Raw data below:

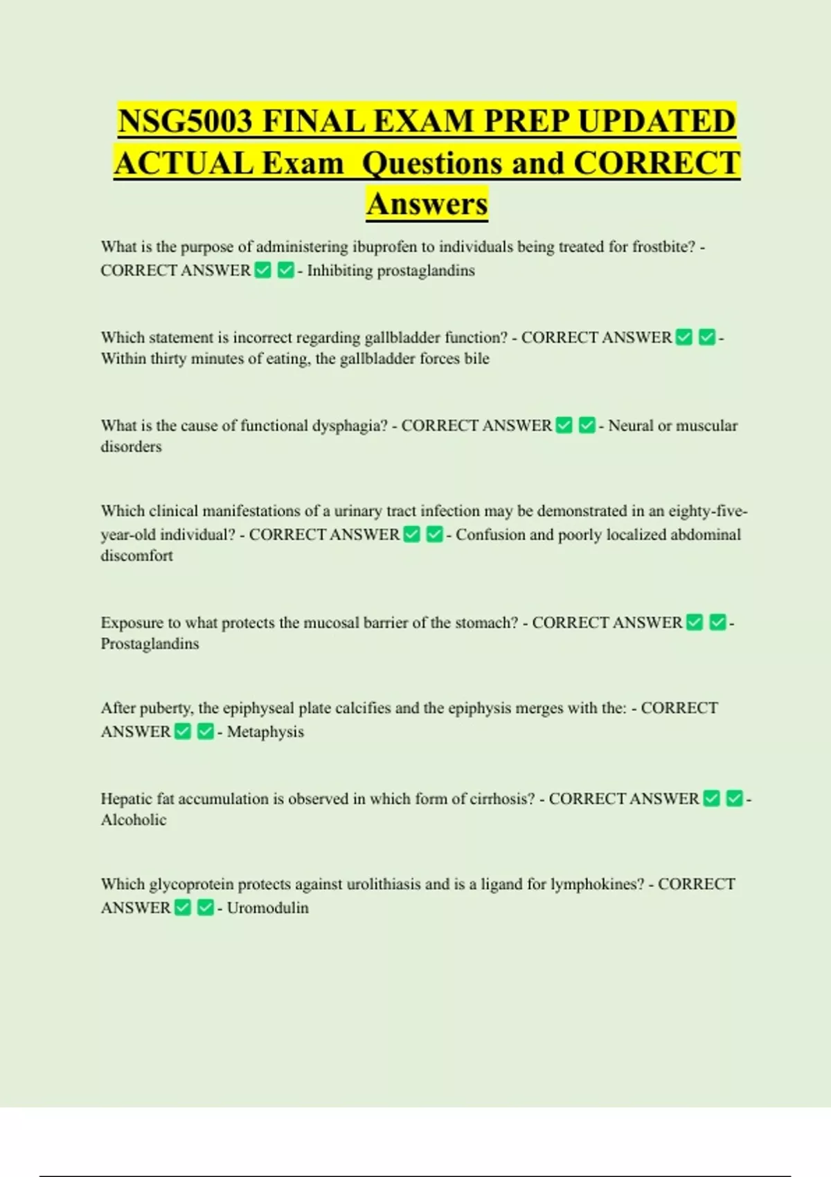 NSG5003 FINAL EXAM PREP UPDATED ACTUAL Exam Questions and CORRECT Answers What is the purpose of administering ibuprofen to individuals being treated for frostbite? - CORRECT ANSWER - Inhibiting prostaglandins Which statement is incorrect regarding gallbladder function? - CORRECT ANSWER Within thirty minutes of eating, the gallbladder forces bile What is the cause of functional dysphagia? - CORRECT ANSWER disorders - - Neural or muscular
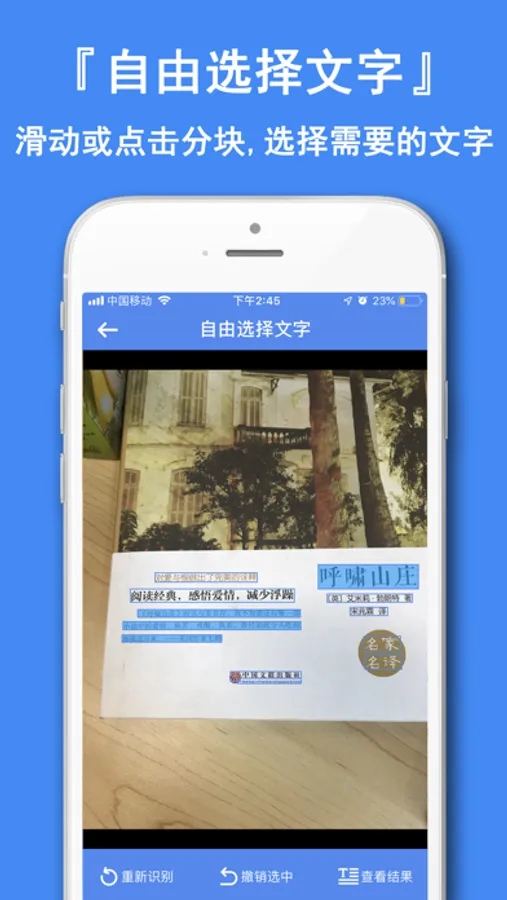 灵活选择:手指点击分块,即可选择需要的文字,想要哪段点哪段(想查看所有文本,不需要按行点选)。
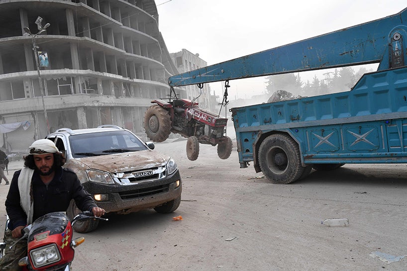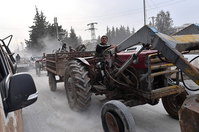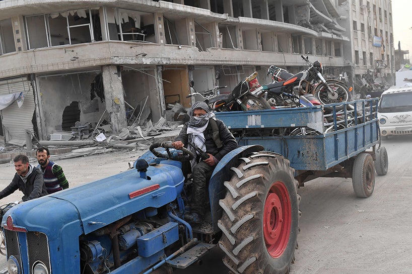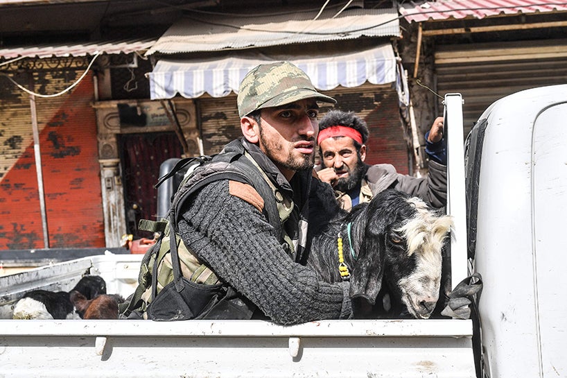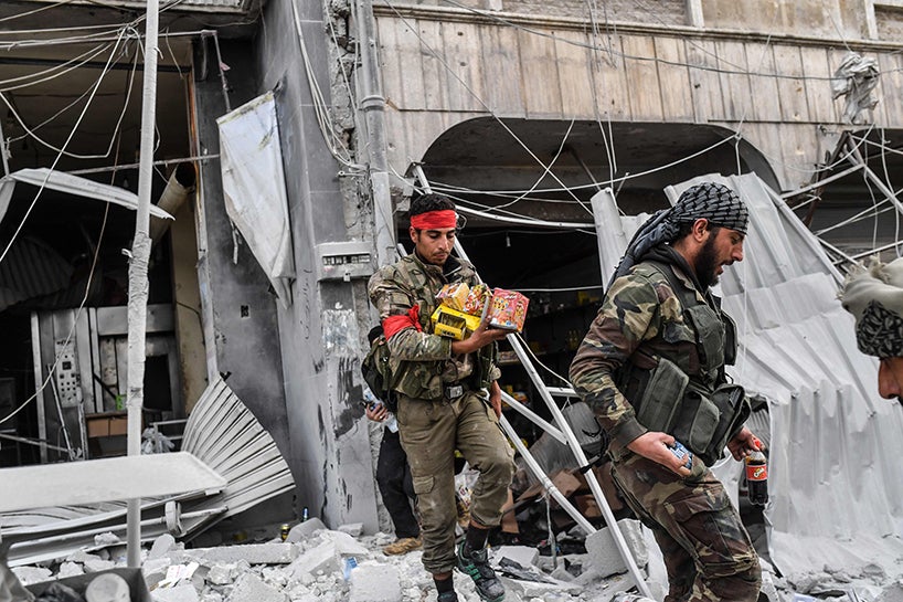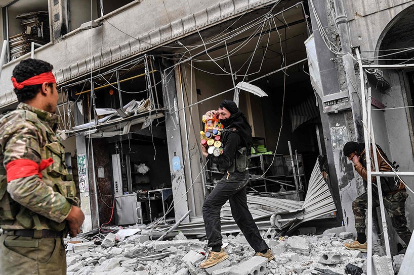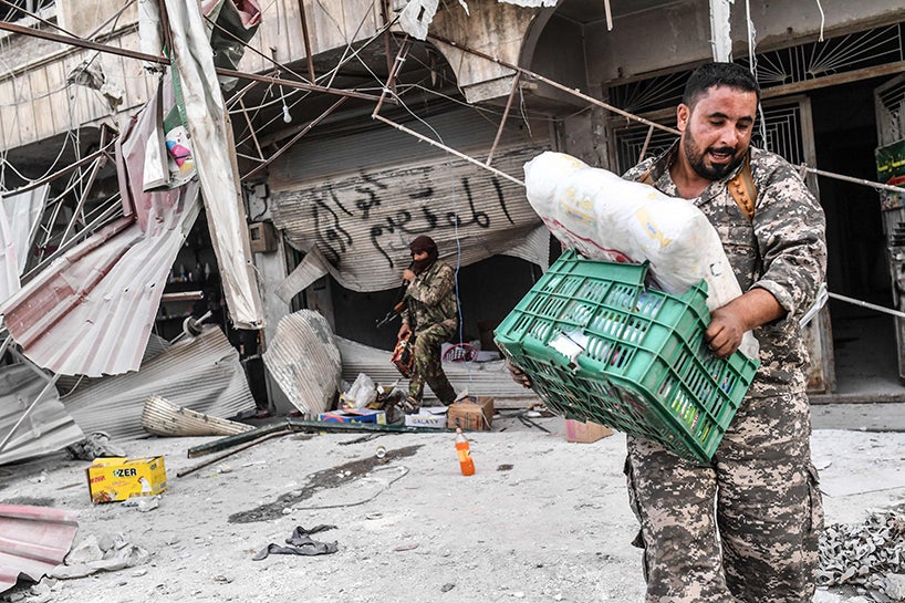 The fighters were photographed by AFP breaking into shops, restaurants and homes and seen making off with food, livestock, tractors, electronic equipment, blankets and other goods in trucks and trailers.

End of Raw data.

[Problem details] Exclude images. Return the data above verbatim.

[Response area]
 NSG5003 FINAL EXAM PREP UPDATED ACTUAL Exam Questions and CORRECT Answers What is the purpose of administering ibuprofen to individuals being treated for frostbite? - CORRECT ANSWER - Inhibiting prostaglandins Which statement is incorrect regarding gallbladder function? - CORRECT ANSWER Within thirty minutes of eating, the gallbladder forces bile What is the cause of functional dysphagia? - CORRECT ANSWER disorders - - Neural or muscular
 灵活选择:手指点击分块,即可选择需要的文字,想要哪段点哪段(想查看所有文本,不需要按行点选)。
 The fighters were photographed by AFP breaking into shops, restaurants and homes and seen making off with food, livestock, tractors, electronic equipment, blankets and other goods in trucks and trailers.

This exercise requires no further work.